The iodine index (Ii) was determined according to the French standard (reference NF T60-203). It corresponds to the mass of iodine (I2) fixed on the unsaturations of the fatty acids of 100 g of a fatty substance and it makes it possible to determine the degree of unsaturation of a vegetable oil. The principle is based on the determination of the excess Wijs reagent transformed into iodine after the addition of potassium iodide and water, by titrating the liberated iodine with a thiosulfate solution (Na₂S₂O₃). Thus, 0.20 g of oil was weighed, to the nearest 0.001 g, in a 500 mL flask to which 15 mL of carbon tetrachloride was added. After dissolution, 25 mL of Wijs's reagent (0.1 N) was added to the same flask, stirred gently and placed for one hour in a dark place at a temperature of around 25 °C. Subsequently, 20 mL of potassium iodide (mass concentration of 100 g.L^-1) and 150 mL of distilled water were added to the solution. In the presence of a few drops of starch paste (0.01 g.L^-1), titration was carried out with sodium thiosulfate solution (0.1 N) until a the color change was observed.

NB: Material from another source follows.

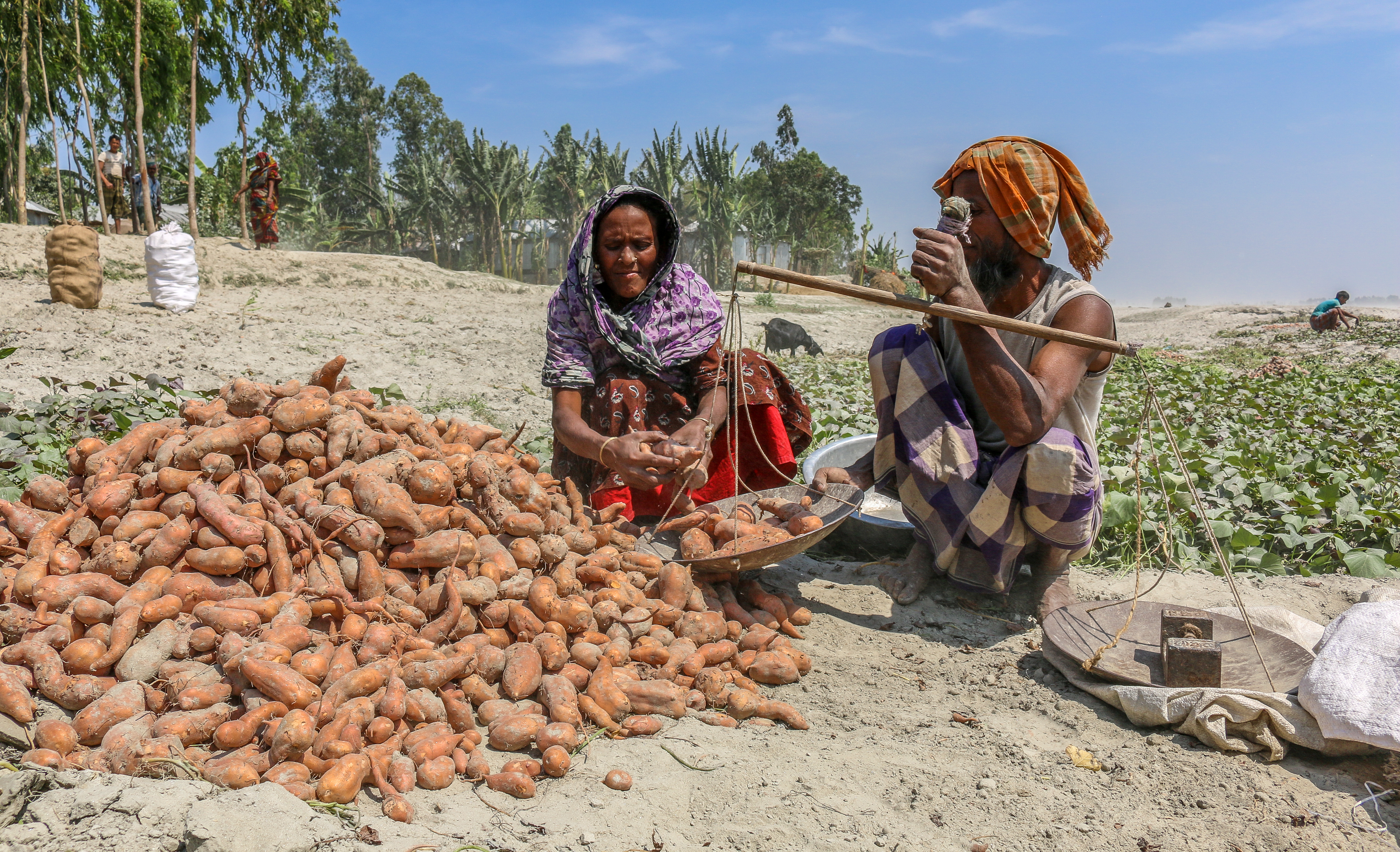 Cultivating orange fleshed sweetpotato in the char areas of northern Bangladesh has a comparative advantage. It is challenging to grow rice, maize or wheat in the chars due to sandy and fallow land and scarcity of water (especially for rice). Farmer’s yield of OFSP in the char area is on average about 22 tons/hectares and requires significantly less irrigation and other inputs than many other crops.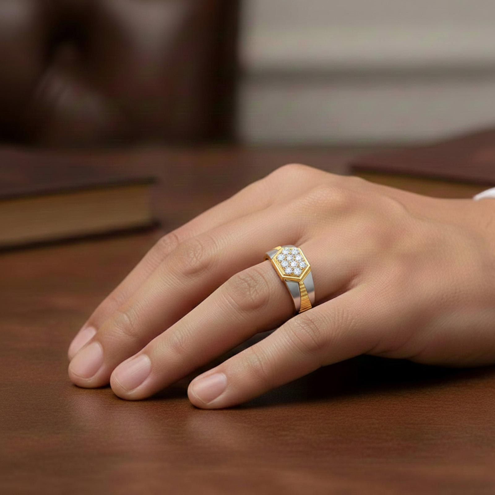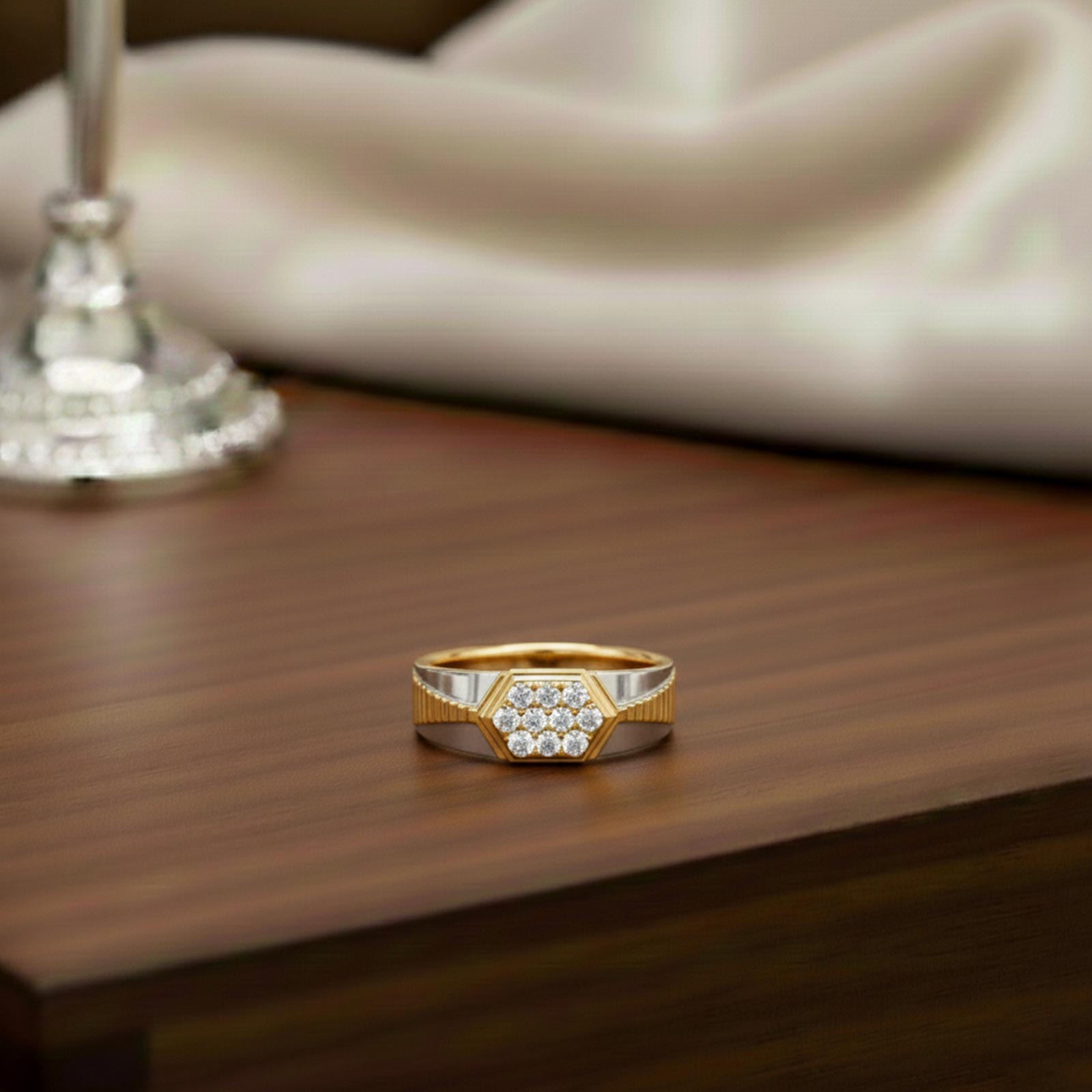 Dual Tone Luxurious Diamond Geometric Men's Band

2.6.    Statistical analysis of data

Statistical analyses were performed using STATA version 15.1 software. Means, standard deviations and percentages were calculated for qualitative variables. The Student t-test was used to compare means and the Chi2 test was used to compare percentages. Differences were considered for statistically significant at p ≤ 0.05.

3.  Results and discussion

3.1.  Recovery of Morinda citrifolia L. seeds

The seed recovery yields are presented in Table 1. From this table, it is evident that the average recovery yield was 6.635 ± 0.841%. This rate is similar to that reported by [13], who obtained a yield of 6.77 ± 2.39%. Recently,  [14] reported about 15.1% oil extraction in Malaysian noni seeds with petroleum ether as the extraction medium. The possible explanation for this variation in yields reported in different studies could be due to several parameters, such as cultivar origin, temperature and climate [14].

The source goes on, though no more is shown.